Antoine-François Prévost (1697-1763) was a French novelist and clergyman whose works explored passion and desire with a frankness that shocked his contemporaries. L’Histoire du chevalier des Grieux et de Manon Lescaut, published in 1731, became an instant scandal—and a masterpiece—precisely because Prévost refused to condemn his characters or judge their choices. He wrote not as a moralist but as a psychologist of passion, and that refusal to judge is what gives the novel its extraordinary power. His prose is elegant and direct, emotionally honest in a way that feels completely modern.
The novel is narrated by the Chevalier Des Grieux, a young nobleman who recounts his all-consuming love affair with Manon. She is not a victim and not a villain—she is capricious, loving, selfish, generous, cruel, and genuine all at once. She cannot be saved or reformed or truly understood. The novel follows their doomed trajectory across France and even to Louisiana as Des Grieux attempts again and again to rescue her from herself, losing everything in the process. What makes the novel so powerful is that we don’t stand outside judging Des Grieux's choices; we are mere witness of their passion and we somehow understand why he cannot leave her.

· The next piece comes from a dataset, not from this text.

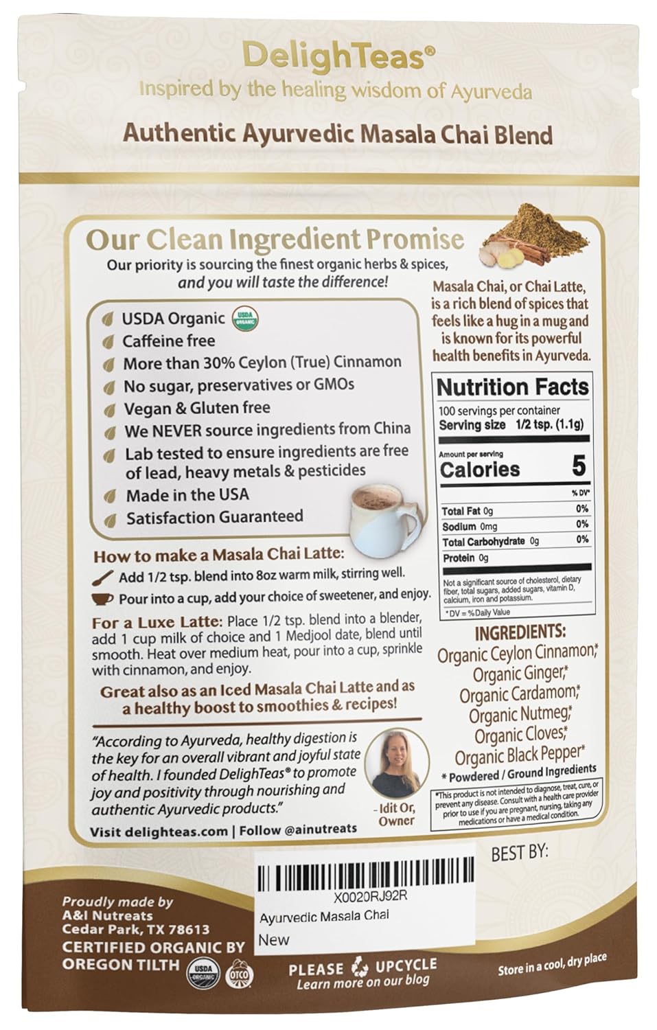 DelighTeas Organic Masala Chai Powder | Caffeine free, Unsweetened, Vegan, Keto | Ayurvedic Digestive Support blend for Chai Spice Tea | 100 Servings, 4oz

This reading offers a refreshing 18th century breeze, but beyond the book itself, Manon has become a magnificent character and a model. The novel has inspired operas, ballets, and films because its exploration of love—its beauty, its madness, its destructiveness, its inevitability—remains timeless. But the novel itself is where the real power lives: it's a book about how love can destroy us and why we choose to be destroyed anyway.